Remo was stunned. "Smitty, he's got to be a million by now. What the hell's a guy his age doing on a horse?"
"It was supposed to be a photo opportunity," Smith answered thinly. "A foolish stunt, given his condition."
"You got that right," Remo agreed. A thought occurred to him. "Plus, doesn't he have Alzheimer's? How do you even know he remembers?"
"He called me," Smith stressed. "It seems that our agency is not all that he remembers. If his conversation with me was not simply a moment of bizarre clarity, I assume that the symptoms he has displayed over the past few years have been a direct result of the Sinanju amnesia technique."
"Hmm," Remo mused. "I never heard of it affecting anyone like that. In fact, I don't know of anyone who it's ever come undone on before except Hardy Bricker. Remember that whole RX thing a few years back?"
"Of course," Smith said vaguely. "And perhaps you should discuss this with Chiun. After you have taken care of the President."
"Gotcha. He still in California?"
"Yes," Smith said. "I want you to visit him as soon as possible. There is no great urgency to the situation, but I do not feel comfortable having someone outside the loop with knowledge of our existence. Not even a former President."

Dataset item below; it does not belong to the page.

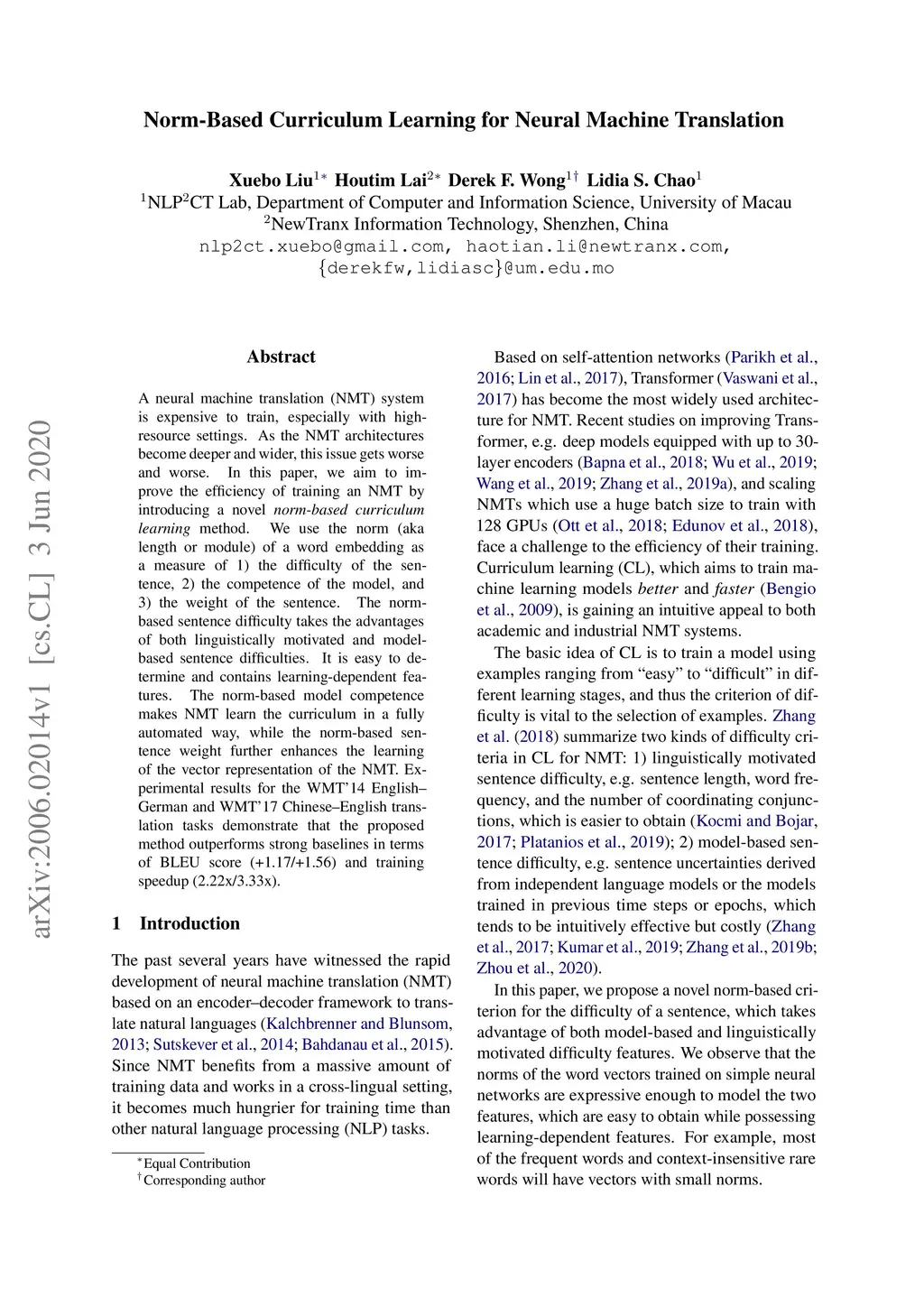 Norm-Based Curriculum Learning for Neural Machine Translation

"No sweat. We'll give him a double whammy."
"Er, Remo," Smith offered slowly, "perhaps you should handle this alone."
"Chiun's better at this than I am," Remo replied. "But is he not the one who performed the procedure the first time?"
"Yeah," Remo replied. "But you can't say this is his fault. By my tally, he's four and one with retired Presidents."

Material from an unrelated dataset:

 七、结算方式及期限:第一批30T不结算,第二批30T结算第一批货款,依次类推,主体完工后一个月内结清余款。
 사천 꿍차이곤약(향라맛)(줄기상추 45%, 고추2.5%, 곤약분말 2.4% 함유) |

"I understand that," Smith agreed. "But news of the accident has leaked. The press has staked out the hospital. It will not be easy for you and Chiun to get in undetected. If I had been able to contact you last night-"
"But you didn't," Remo interrupted. "Guess you dropped the ball there." Before Smith could bring up the trouble he'd had calling, Remo asked, "What hospital is he in?"
Smith sighed. With practiced patience, he gave Remo not only the hospital's name, but the top-secret room number of the ex-President.
"Relax, Smitty. This'll all be a memory by tonight," Remo promised once the CURE director was through. "And don't worry. All follow-up visits are freebies."
Smiling, he hung up the phone. Hand still on the receiver, he turned toward his house.
"Now comes the tricky part," he muttered. Leaving the pay phone, he headed back down the sidewalk toward Castle Sinanju and its stewing occupant.
Chapter 7
The former President of the United States could not believe how much he had forgotten. Nor how much he now remembered. It was as if for the past six years he had been in a long, foggy twilight from which he was only now emerging.
The sunlight that shone through the tinted glass of his private hospital suite was brilliant. The blinds were partly angled to keep out prying eyes.
Touring the rooms in his blue pajamas, hands stuffed in the pockets of his terry-cloth robe, the President paused at a bedroom window. He used his fingers to crack two blind slats.
Reporters were on the street eight stories below. Camped out like vultures. Most had accepted the assignment gleefully, thinking they were on a death watch. It wasn't surprising. The press had never had a kind word to say about him.
"You fellas are in for the shock of your life," the ex-President whispered in the soft, playful tone that was at one time familiar to all Americans.